DATA SUPPLIED.

• • •

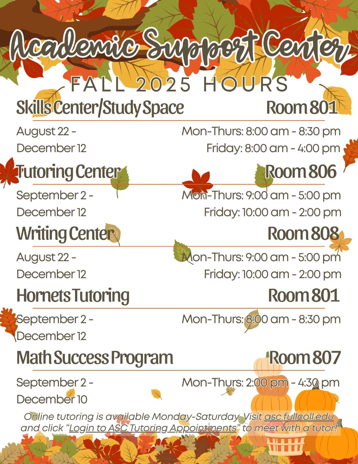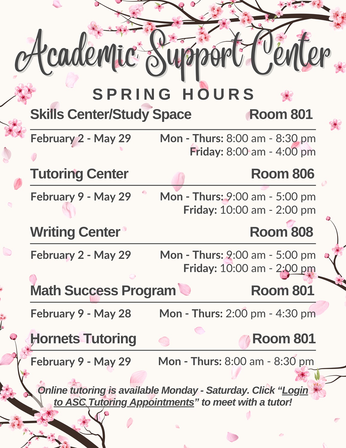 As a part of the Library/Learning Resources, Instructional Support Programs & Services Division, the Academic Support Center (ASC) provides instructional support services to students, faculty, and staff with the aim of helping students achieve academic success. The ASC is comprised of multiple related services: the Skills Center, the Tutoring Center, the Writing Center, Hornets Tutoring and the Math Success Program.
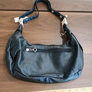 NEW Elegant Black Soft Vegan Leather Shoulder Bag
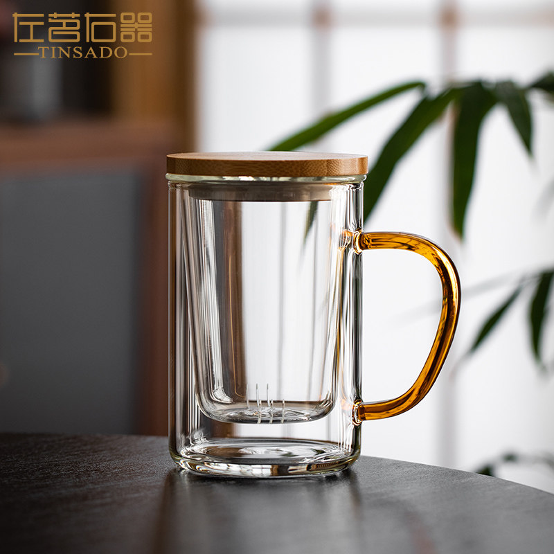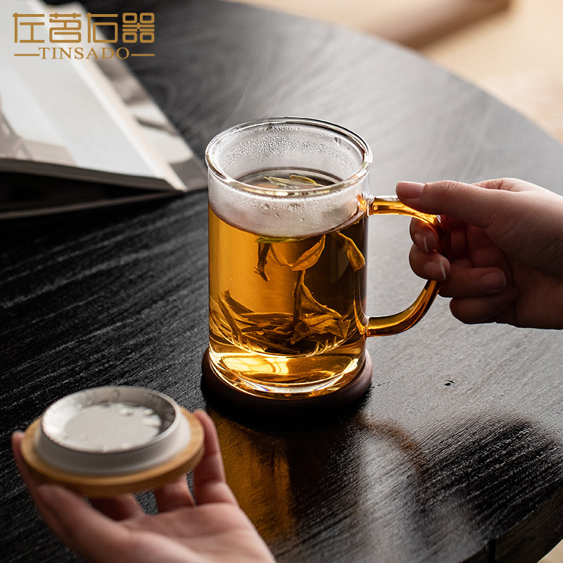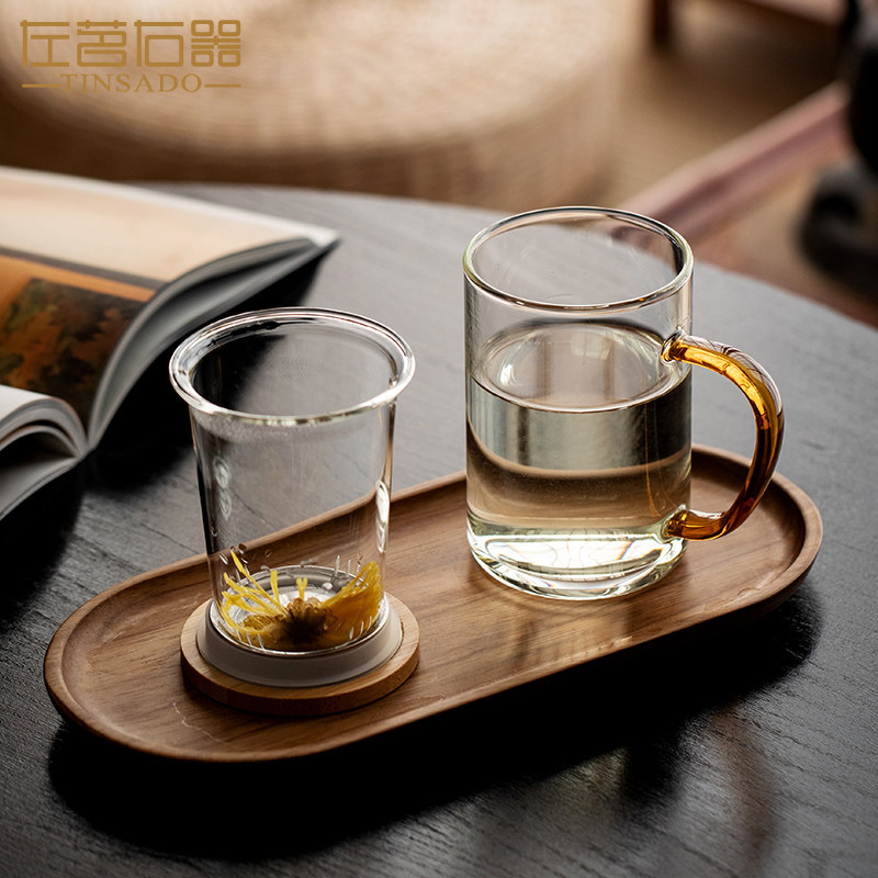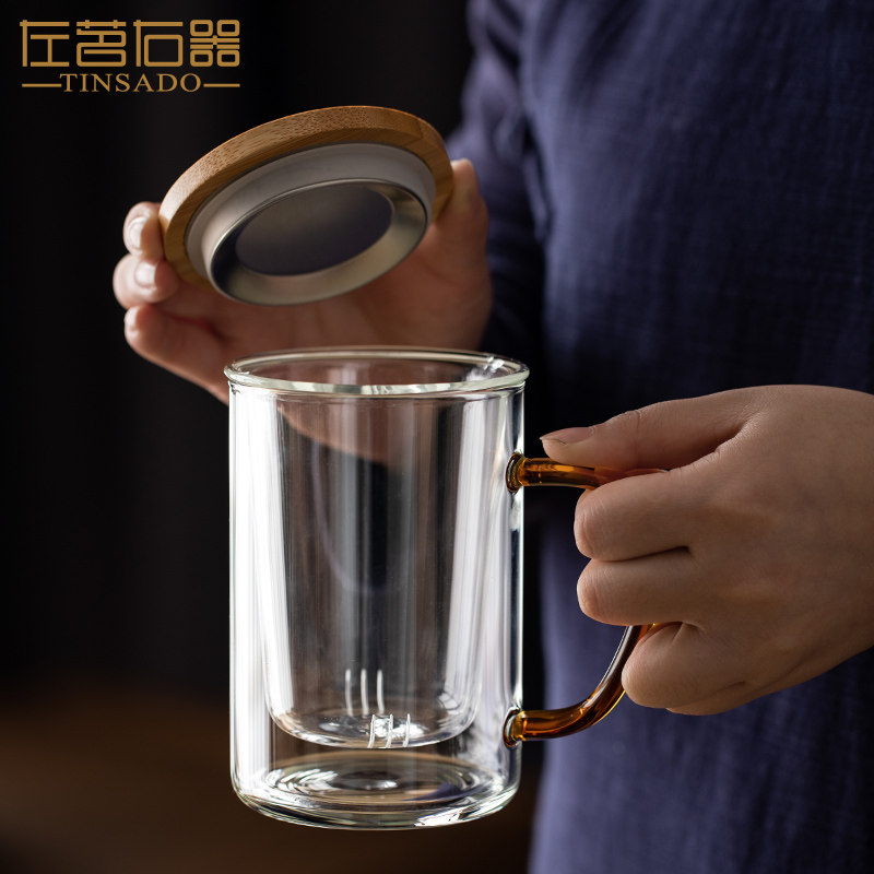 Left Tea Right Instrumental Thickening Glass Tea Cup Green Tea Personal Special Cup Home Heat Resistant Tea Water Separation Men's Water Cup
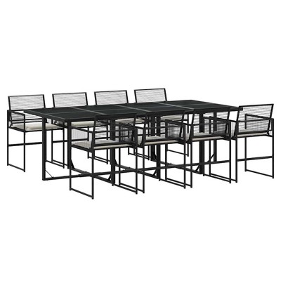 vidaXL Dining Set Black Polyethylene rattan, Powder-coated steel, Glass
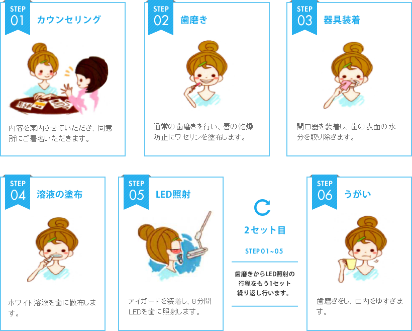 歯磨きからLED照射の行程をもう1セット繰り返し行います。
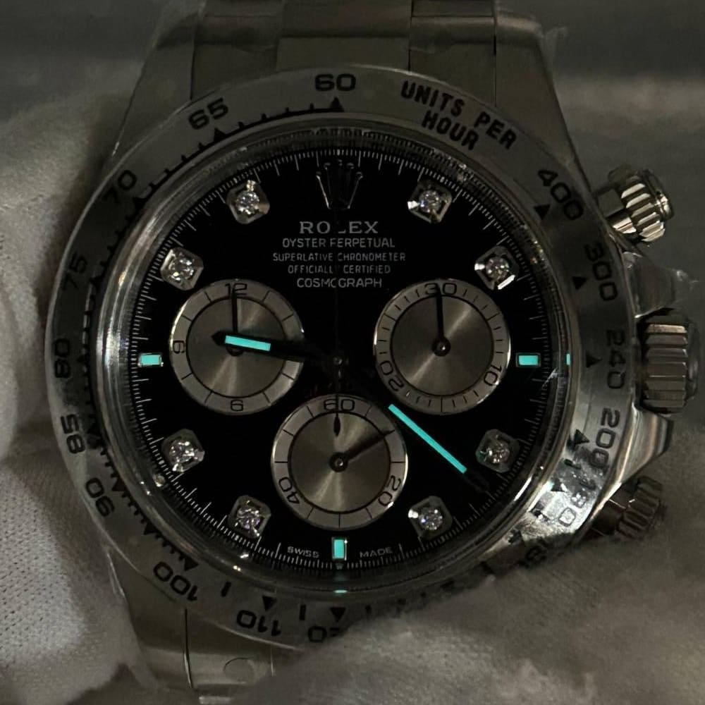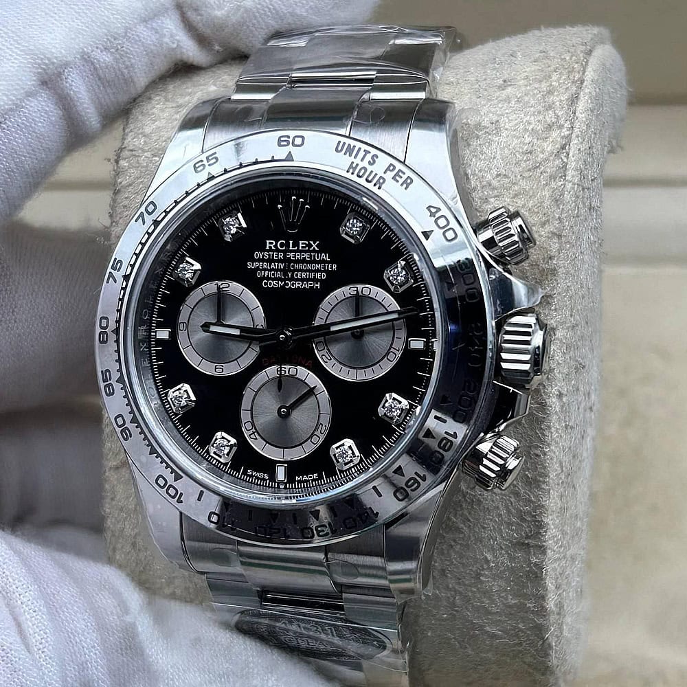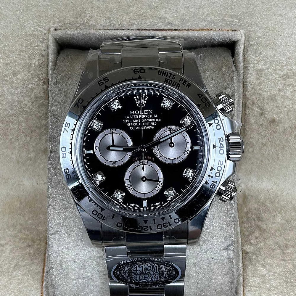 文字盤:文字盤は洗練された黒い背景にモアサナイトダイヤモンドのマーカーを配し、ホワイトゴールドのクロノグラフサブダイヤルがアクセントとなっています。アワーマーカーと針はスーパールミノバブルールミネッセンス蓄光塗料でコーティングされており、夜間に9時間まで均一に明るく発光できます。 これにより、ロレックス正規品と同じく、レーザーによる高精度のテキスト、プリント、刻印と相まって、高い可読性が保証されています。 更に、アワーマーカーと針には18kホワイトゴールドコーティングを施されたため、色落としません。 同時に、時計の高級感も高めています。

• • •

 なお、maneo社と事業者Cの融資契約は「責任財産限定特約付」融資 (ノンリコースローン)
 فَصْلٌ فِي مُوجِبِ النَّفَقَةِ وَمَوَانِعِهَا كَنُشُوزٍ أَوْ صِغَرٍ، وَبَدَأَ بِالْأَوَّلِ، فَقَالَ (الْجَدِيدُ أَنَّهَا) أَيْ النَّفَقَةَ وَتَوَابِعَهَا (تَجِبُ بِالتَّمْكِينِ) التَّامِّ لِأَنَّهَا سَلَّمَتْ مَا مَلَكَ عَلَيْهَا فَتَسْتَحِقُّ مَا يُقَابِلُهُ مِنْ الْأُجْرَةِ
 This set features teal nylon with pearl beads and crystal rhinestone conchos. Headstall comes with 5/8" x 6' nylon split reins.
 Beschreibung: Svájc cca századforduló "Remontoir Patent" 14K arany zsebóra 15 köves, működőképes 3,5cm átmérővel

• • •

ASSIGNMENT.
Give back exactly the lines above from the one with "Left Tea Right" through the one with "歯磨きからLED照射の行程をもう1セット繰り返し行います。", both included. Pictures don't belong in the copy.

TASK ANSWER.
 Left Tea Right Instrumental Thickening Glass Tea Cup Green Tea Personal Special Cup Home Heat Resistant Tea Water Separation Men's Water Cup
 vidaXL Dining Set Black Polyethylene rattan, Powder-coated steel, Glass
 歯磨きからLED照射の行程をもう1セット繰り返し行います。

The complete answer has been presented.